_Brief_
The answer must consist solely of the lines below starting at the one containing "A면은 울에 알파카 25%를" and ending at the one containing "天ぷらに。 五加木ご飯にも。トゲがあるので垣根にするそう。", repeated exactly, with both ends included and all pictures omitted.

_Exercise data_

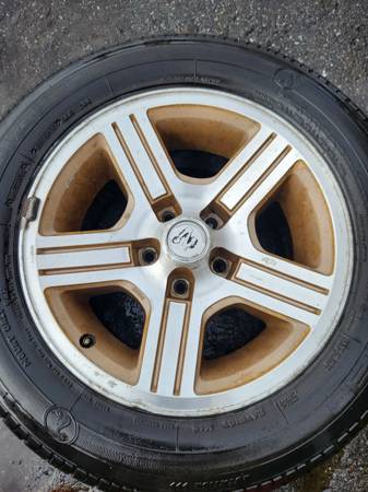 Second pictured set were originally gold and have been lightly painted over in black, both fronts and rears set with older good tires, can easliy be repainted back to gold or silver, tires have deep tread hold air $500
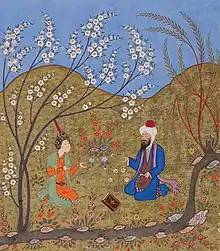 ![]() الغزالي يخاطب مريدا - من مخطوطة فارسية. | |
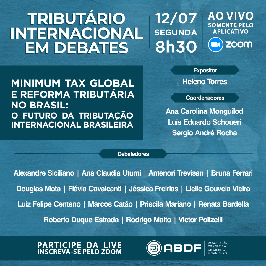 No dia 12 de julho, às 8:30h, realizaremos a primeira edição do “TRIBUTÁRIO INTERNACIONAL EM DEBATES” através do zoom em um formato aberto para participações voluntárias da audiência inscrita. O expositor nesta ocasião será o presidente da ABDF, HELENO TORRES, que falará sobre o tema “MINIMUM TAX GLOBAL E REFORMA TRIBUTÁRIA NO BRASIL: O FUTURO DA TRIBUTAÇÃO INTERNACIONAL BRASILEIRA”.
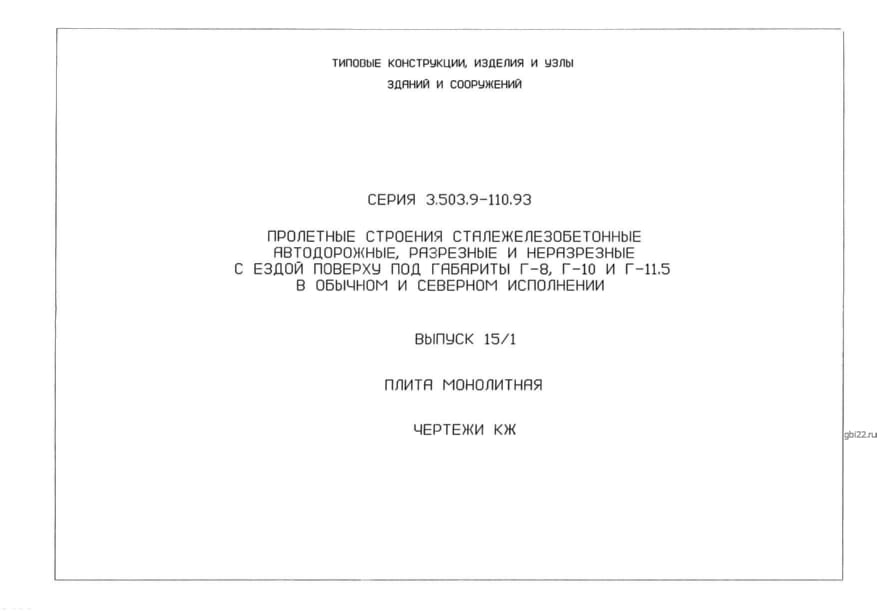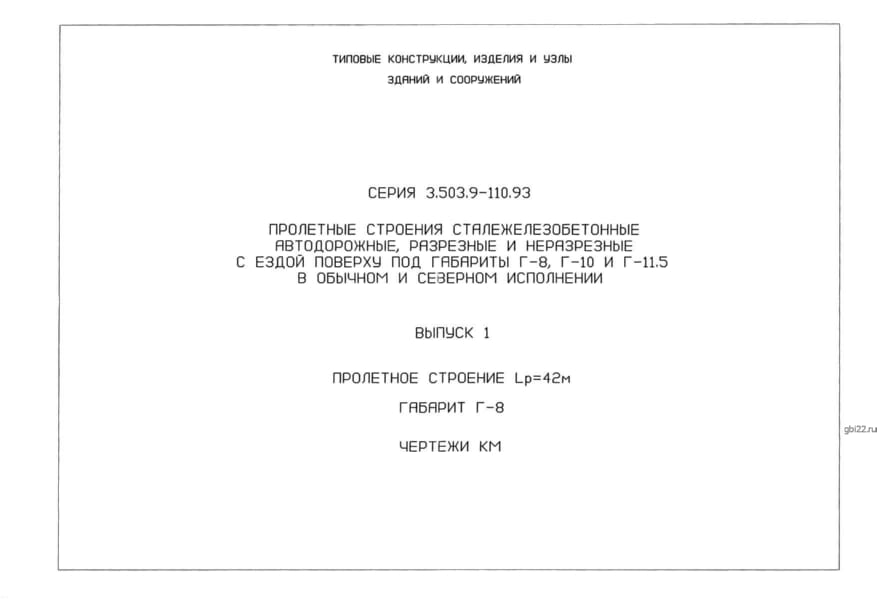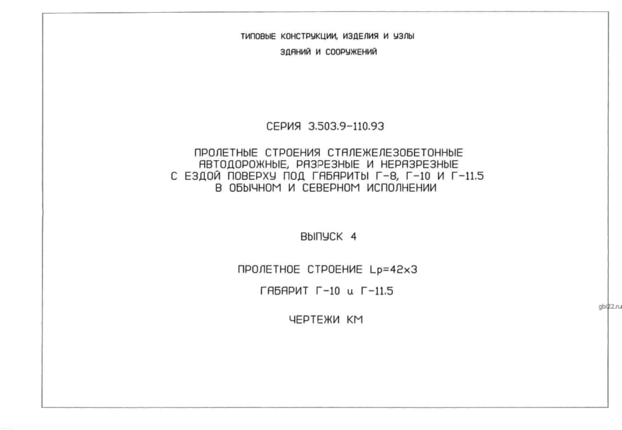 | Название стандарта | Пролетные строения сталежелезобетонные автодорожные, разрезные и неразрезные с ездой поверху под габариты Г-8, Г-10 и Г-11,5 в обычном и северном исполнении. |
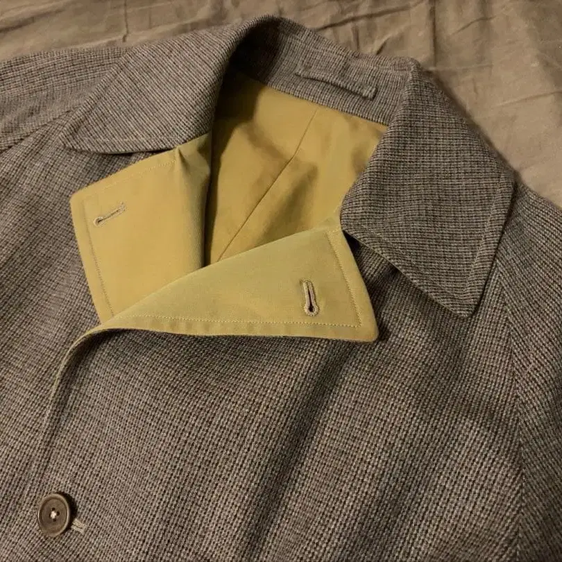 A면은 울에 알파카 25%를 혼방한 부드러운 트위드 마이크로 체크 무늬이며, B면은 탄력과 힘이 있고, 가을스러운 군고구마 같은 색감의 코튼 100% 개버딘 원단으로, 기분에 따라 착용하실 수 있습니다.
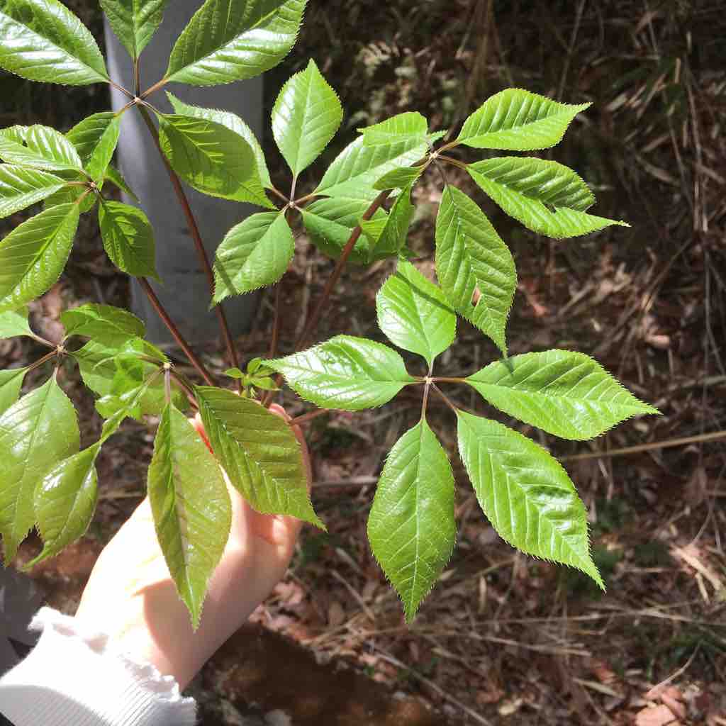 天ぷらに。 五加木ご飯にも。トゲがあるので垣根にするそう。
==
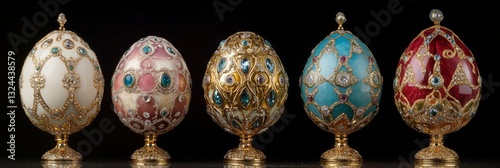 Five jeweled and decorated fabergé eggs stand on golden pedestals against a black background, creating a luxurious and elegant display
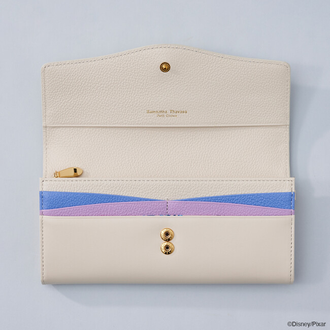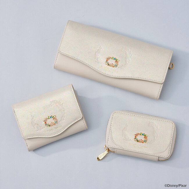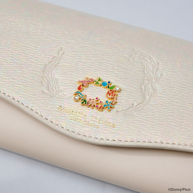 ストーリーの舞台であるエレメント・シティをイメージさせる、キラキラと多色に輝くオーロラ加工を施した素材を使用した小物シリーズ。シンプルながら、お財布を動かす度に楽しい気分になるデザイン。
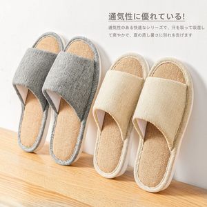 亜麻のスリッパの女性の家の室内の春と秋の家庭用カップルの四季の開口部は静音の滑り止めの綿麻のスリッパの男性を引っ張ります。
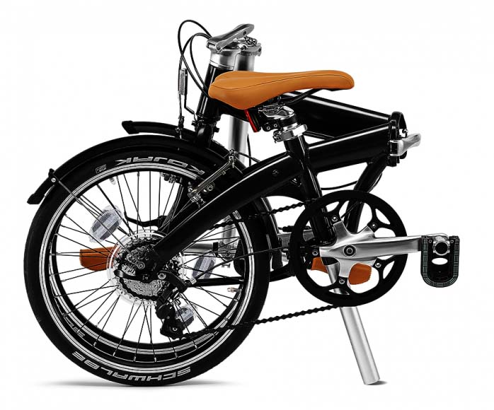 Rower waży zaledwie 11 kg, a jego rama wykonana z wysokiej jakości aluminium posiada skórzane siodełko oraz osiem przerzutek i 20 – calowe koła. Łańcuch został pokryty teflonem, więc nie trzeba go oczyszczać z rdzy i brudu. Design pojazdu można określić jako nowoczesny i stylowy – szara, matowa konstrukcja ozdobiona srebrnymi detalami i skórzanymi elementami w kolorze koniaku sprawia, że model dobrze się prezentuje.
* * *
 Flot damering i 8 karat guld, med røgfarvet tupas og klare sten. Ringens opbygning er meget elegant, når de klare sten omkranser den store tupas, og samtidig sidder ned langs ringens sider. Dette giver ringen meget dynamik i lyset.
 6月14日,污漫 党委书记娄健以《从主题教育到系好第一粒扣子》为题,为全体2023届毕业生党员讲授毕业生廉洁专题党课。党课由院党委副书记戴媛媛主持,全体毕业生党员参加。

_Response area_
 A면은 울에 알파카 25%를 혼방한 부드러운 트위드 마이크로 체크 무늬이며, B면은 탄력과 힘이 있고, 가을스러운 군고구마 같은 색감의 코튼 100% 개버딘 원단으로, 기분에 따라 착용하실 수 있습니다.
 天ぷらに。 五加木ご飯にも。トゲがあるので垣根にするそう。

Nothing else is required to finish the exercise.